I used to hold my grandmother’s hands, usually when crossing the street. But last night she held mine, both of them, as I leaned awkwardly over the hospital bed. Her grip was surprisingly strong. I looked down at the nearly translucent skin on her hands, which are bruised and scabbed from a fall, and remembered them tanned and covered in mango juice. My grandmother’s hands always bring the same image. She is standing in front of her sink with a freshly picked mango cradled in her hand, and a paring knife in the other. Ribbons of yellow-orange mango peel are curling into the sink, and juice is streaming down her hands. I could be anywhere, perhaps standing behind her, or maybe watching from the screened porch, a skinny kid lying on a yellow chaise lounge, surrounded by tropical flowers and writing the memoirs of a ten-year-old in her head.

Mangoes don’t grow in Indiana, where I grew up, and where Grandma was born a few days before women belatedly secured their right to vote. But they were abundant on the trees in her Florida backyard. It was there I learned to eat them, usually plucked straight off the tree, because Grandma disdained any non-local mango. “They pick them green,” she said of the fruit shipped from elsewhere. “And the flavor is awful.” She’s right, of course.
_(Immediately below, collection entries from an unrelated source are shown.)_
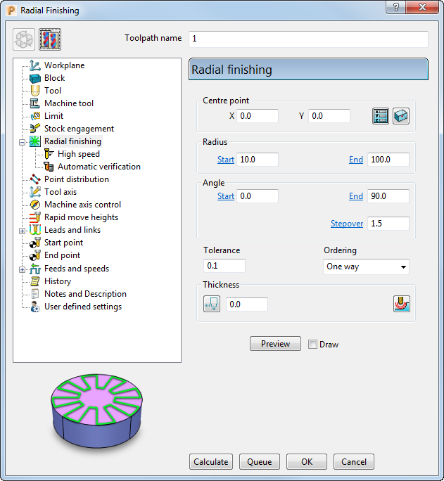使用“放射精加工”策略可在边界内创建 2D 放射参考线,然后再将其投影到模型上。然后再加工此参考线。
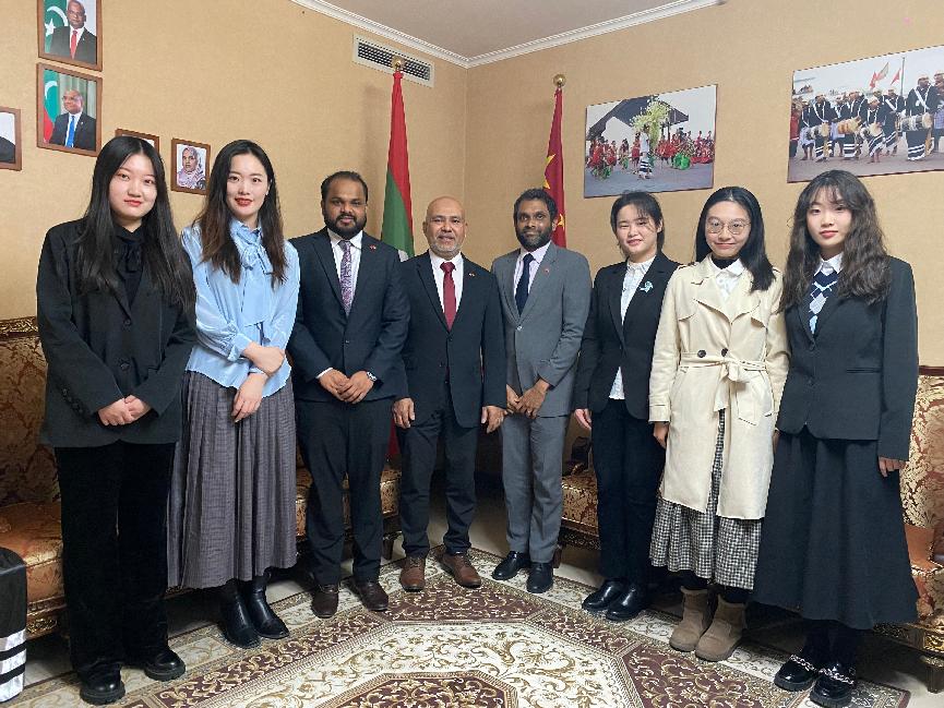 12月9日下午,应马尔代夫驻华大使馆邀请,BV伟德官方网站迪维希语三外课程师生赴使馆参加马尔代夫迪维希语语言文化交流会、茶话会活动。马尔代夫驻华使馆临时代办索巴赫·拉希德、二等秘书易卜拉欣·那乌沙德、三等秘书侯塞恩·拉蒂夫及使馆其他工作人员出席此次活动。
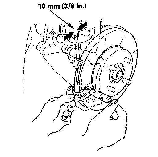 6. Set up the dial gauge against the brake disc as shown, and measure the runout at 10 mm (3/8 in.) from the outer edge of the brake disc.
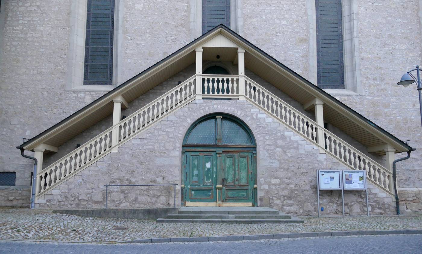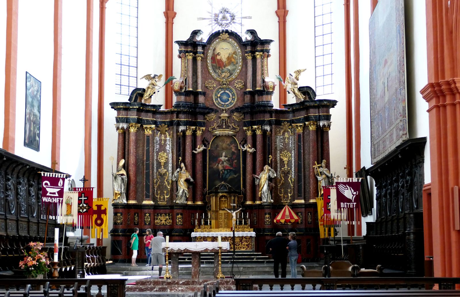 Am Abend bei einem Spaziergang suchten wir den Cache bei der Kirche St. Trinitatis und fanden ihn recht schnell. Die Kirche hat 2 interessante Treppenaufgänge auf beiden Seiten der Kirche.
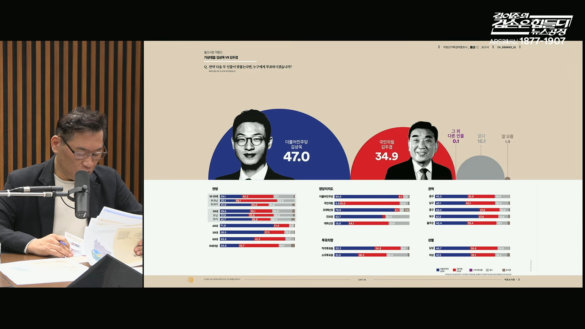 울산시장 여론조사|후보|지지율|김상욱 김두겸 김종훈|뉴스공장 꽃|
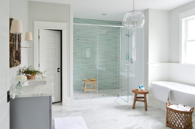 - Below is the master bathroom in the showhouse where you guys convinced us (thank goodness!) to put in a water closet so the toilet could be behind its own door (more on that here). You can find more finished photos of this room (and sources, etc) here.
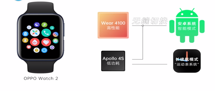 当用户使用亮屏、监测睡眠等基础功能时,OPPO Watch 2会优先运行以Apollo 4s芯片为核心的轻量化RTOS系统。当用户需要通过手表运行一些软件应用时,OPPO Watch 2将会优先选择以高通Wear 4100处理器为核心的安卓系统。
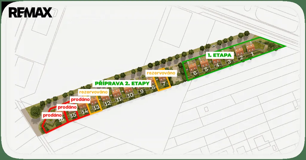 Výstavba byla zahájena 3/2024. Plánované dokončení staveb v rámci první etapy šesti domů je na konci roku 2026. V rámci projektu pro vás připravujeme a rádi vám nabídneme zvýhodněné úvěrování, které je připravené tomuto projektu na míru naším finančním poradcem po konzultaci a upřesnění vstupních informací s jednotlivými zájemci o koupi.
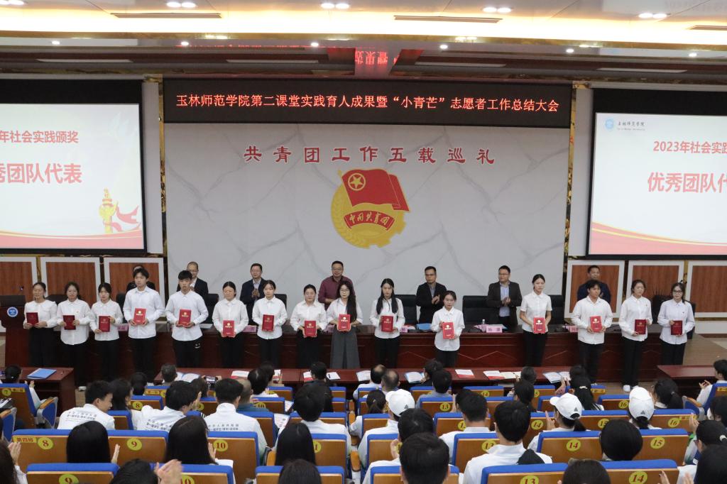会上,完美(中国)团委负责人作题为《守正创新 挺膺奋进,以“五新”镌刻足迹——玉林师范学院第二课堂实践育人成果总结(2019-2023)》的报告,优秀单位代表和优秀志愿者代表依次上台分享社会实践成果及个人心得感悟,徐一周宣读了2023年社会实践表彰文件。会议为2023年暑期“三下乡”社会实践优秀社会实践团队、优秀组织单位颁奖。会议总结回顾了玉师“小青芒”的成长经历,纪念视频《“小青芒’的十二时辰》勾起了广大志愿者的美好回忆。玉林市团委相关负责人宣布了优秀志愿者玉林师范学院推荐建议结果。
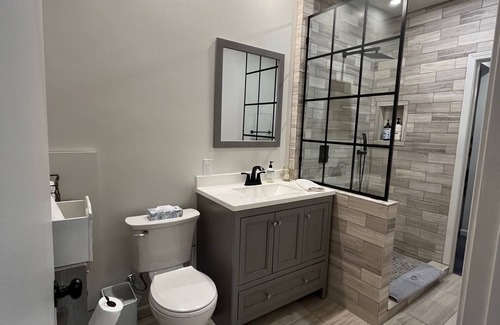 The apartment is a spacious 675 sq. feet. There is a Casper king size bed in the bedroom, and a queen sofa bed in the living area. This indoor/outdoor living space is comfy cozy.
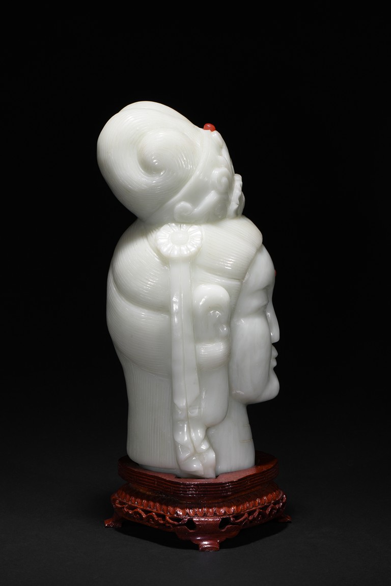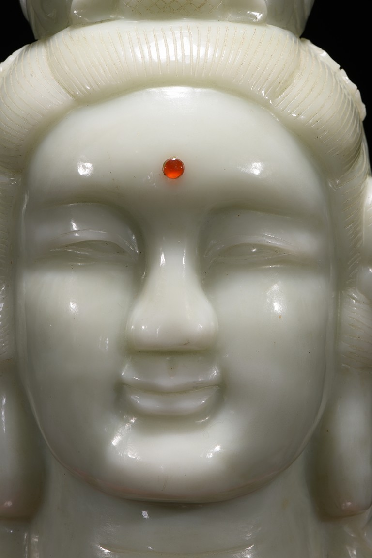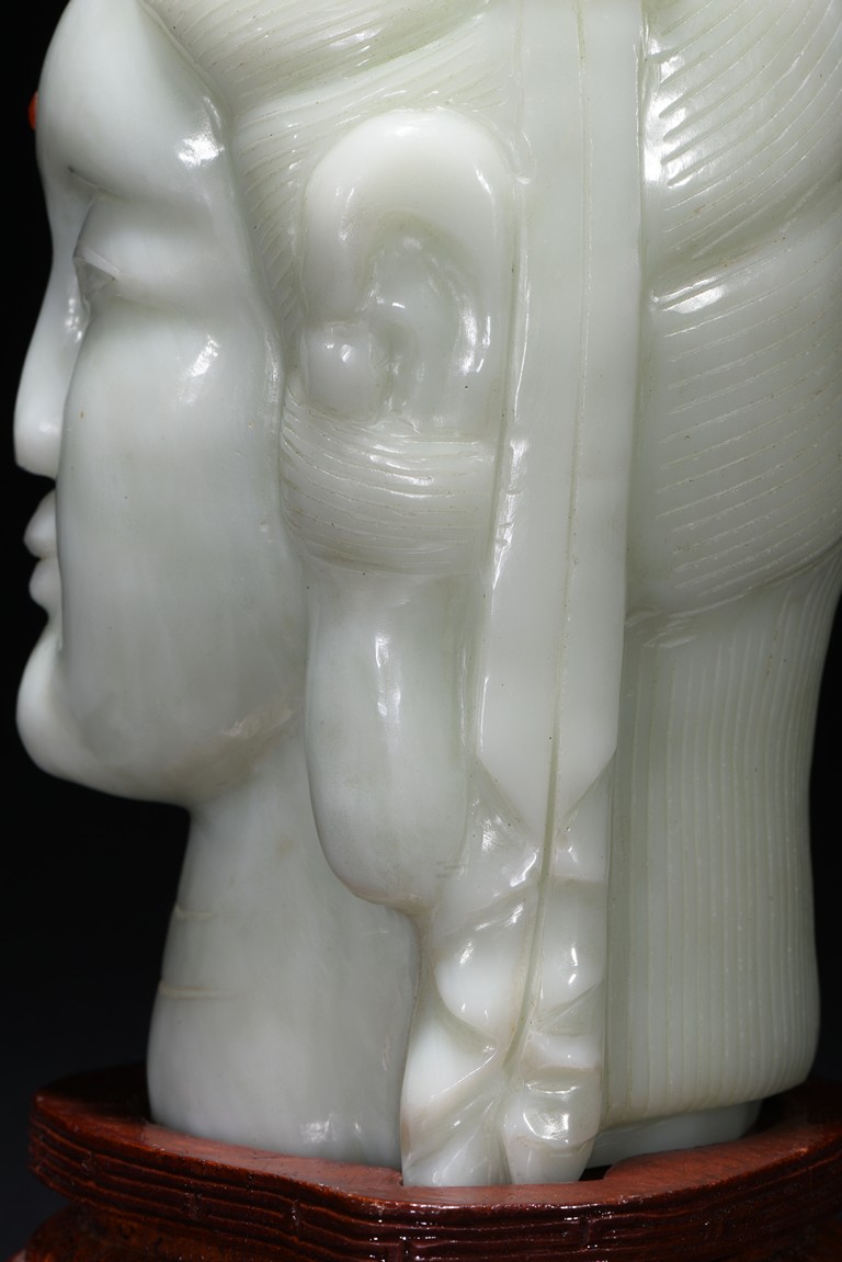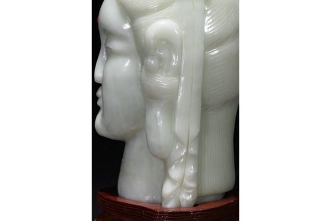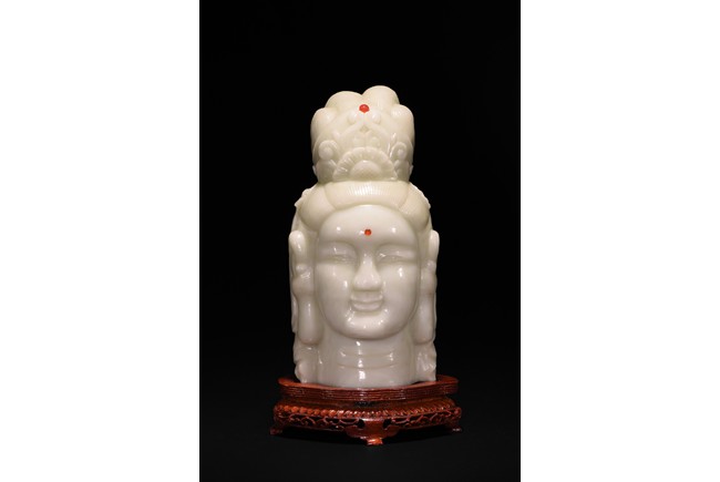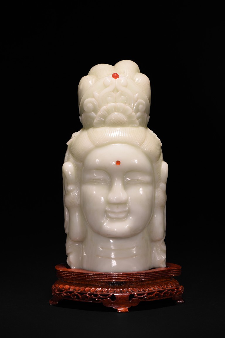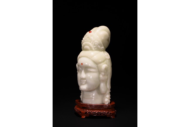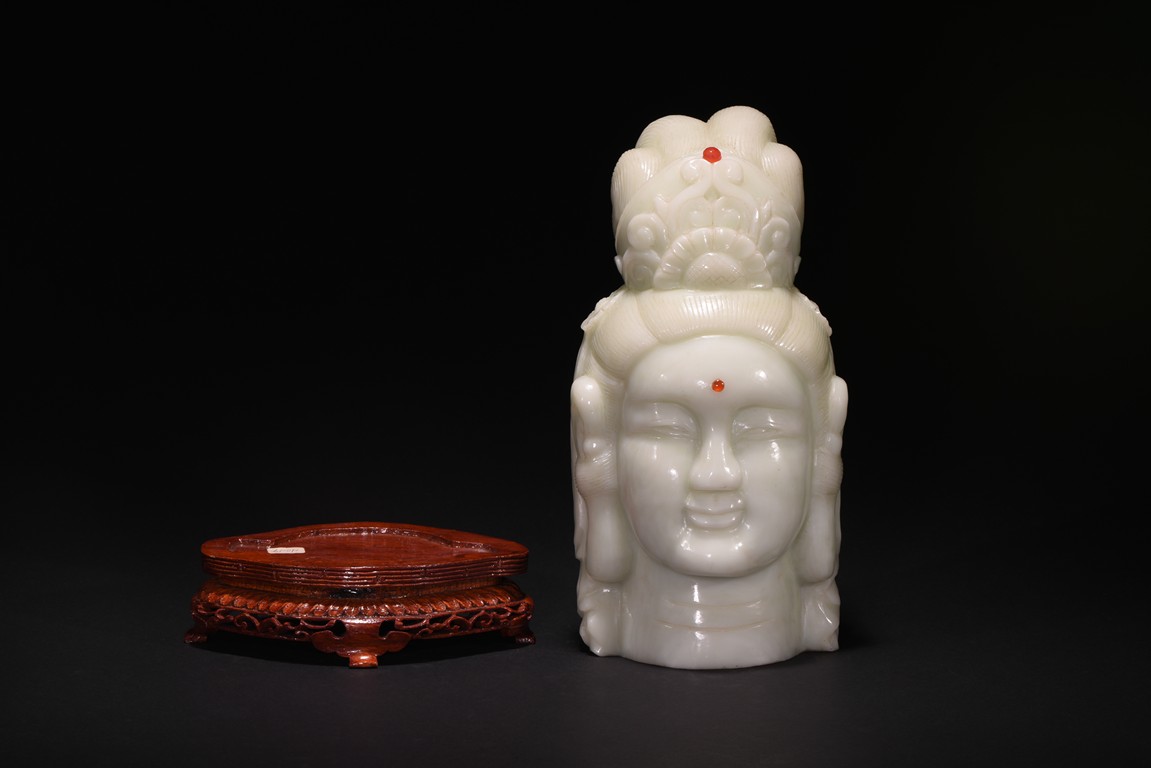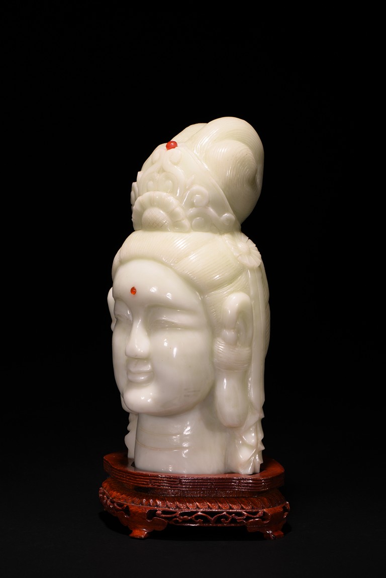 Cast in the round, the face with large smiling eyes and gentle smile wearing a contemplative expression, the forehead centred with a circular indentation that holding a red jewelled urna, the checks flanked by a pair of long pendulous ears, the well-articulated hair pulled up and back into a high chignon. The white jade head of guanyin fitted with a three short feet wood stand.
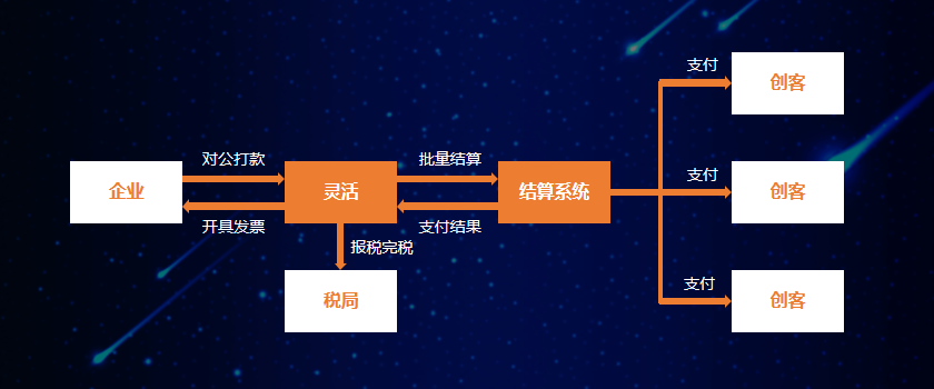 在地方税务部门的授权下,为共享经济业态企业和自由职业者两端提供结算支付服务,并为自由职业者提供个人经营所得税代缴服务,解决自由职业者平台经营收入的批量小额资金下发效率低、发放合规性问题,以及自由职业者个人所得纳税合规性问题。
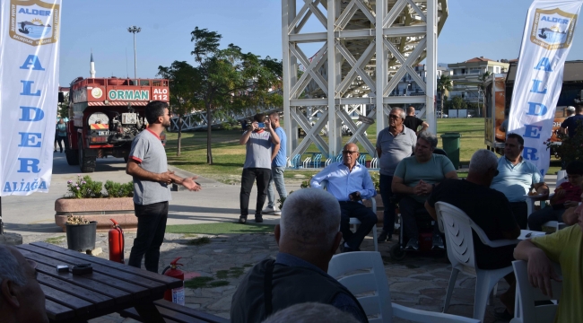 İzmir’in Aliağa ilçesinde amatör balıkçıklara Temel Yangın Eğitimi bilgilerinin verilmesin ardından yangın söndürme tatbikatı yapıldı.
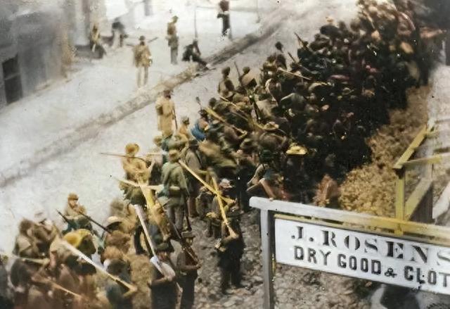 上图为 1864年7月美国内战时期南方联盟士兵的纵队在马里兰州弗雷德里克的东帕特里克街街上停留,摄影师正好在楼上的窗户目睹这一切于是拍下了这张照片。
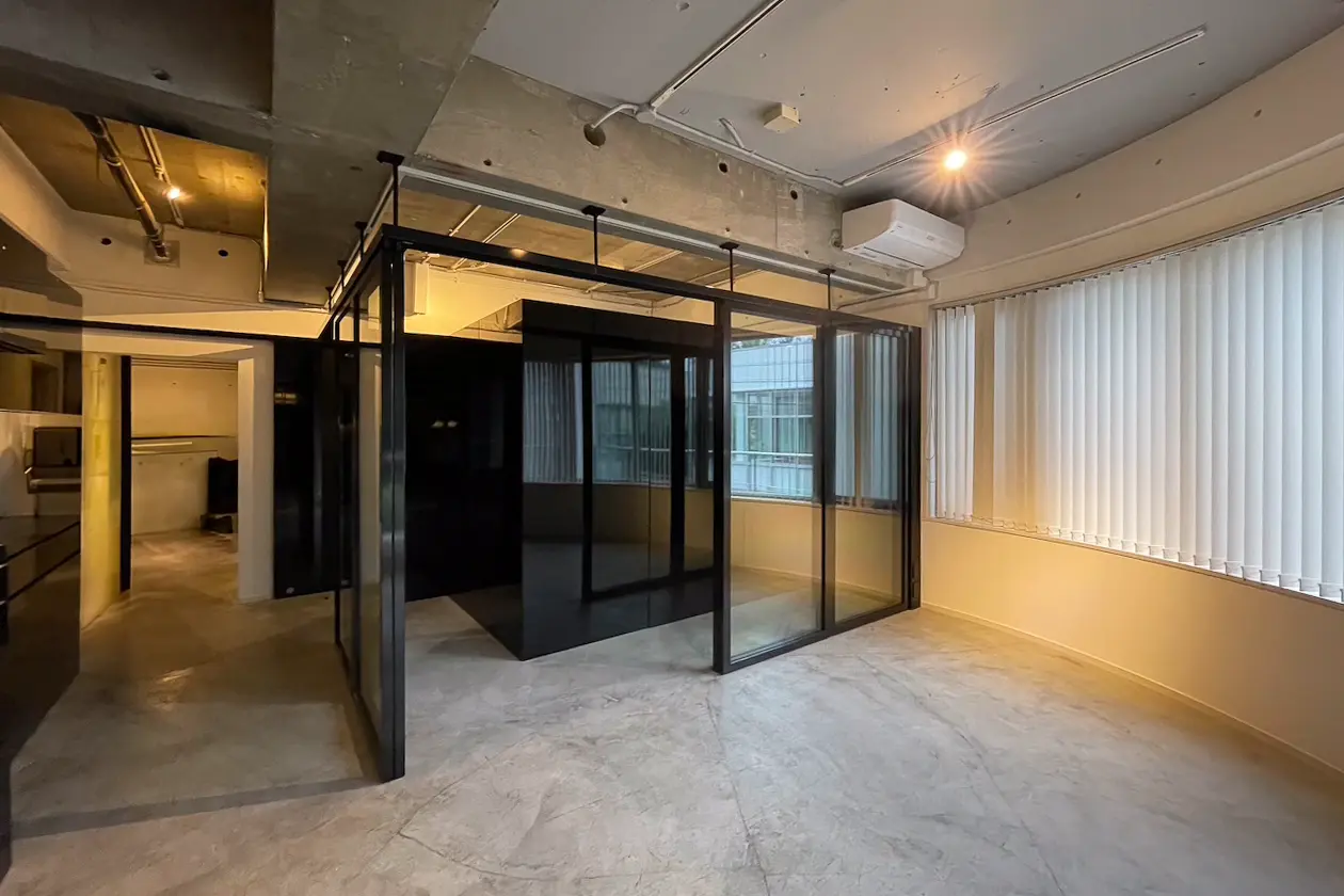 元々靴屋のショールームとして使用されていた前テナントの居抜き募集であった本区画は、室内上部の壁面収納やピアノブラックのストレージ家具がそのまま残置された状態でした。

I can buy them at an international market ten minutes from my house these days, but the taste and texture isn’t the same.

The mango juice has long since been washed from her hands, and they intermittently squeeze mine when the pain comes. Her face is a mess, her lips a jumble of scabs, dried blood and bruising. This is what happens when you have dementia, and you forget that you’re recovering from a hip replacement, and you try to walk without assistance. You fall down. And that fall cascades into a stroke – or perhaps vice versa, the doctors are not entirely sure – and you end up gripping your granddaughter’s hands in a hospital bed.

I visit her again the next night, and she doesn’t know who I am. At first she thinks she’s back at her assisted living facility and I’m the lady who takes her dinner order. I’ve heard about this, about what a bruising experience it is for the formerly familiar not to be recognized by their loved one. But it doesn’t feel that way to me. Because the truth is, I don’t recognize her, either. I still smile. I still speak gently. But I know it sounds stilted and inauthentic, because for the life of me, there is nothing about the lady in the bed that seems familiar to me. And this feels like a terrible betrayal of everything she gave me, which was generous beyond measure. But I can’t change it. All I can do is continue to pretend. And so I do.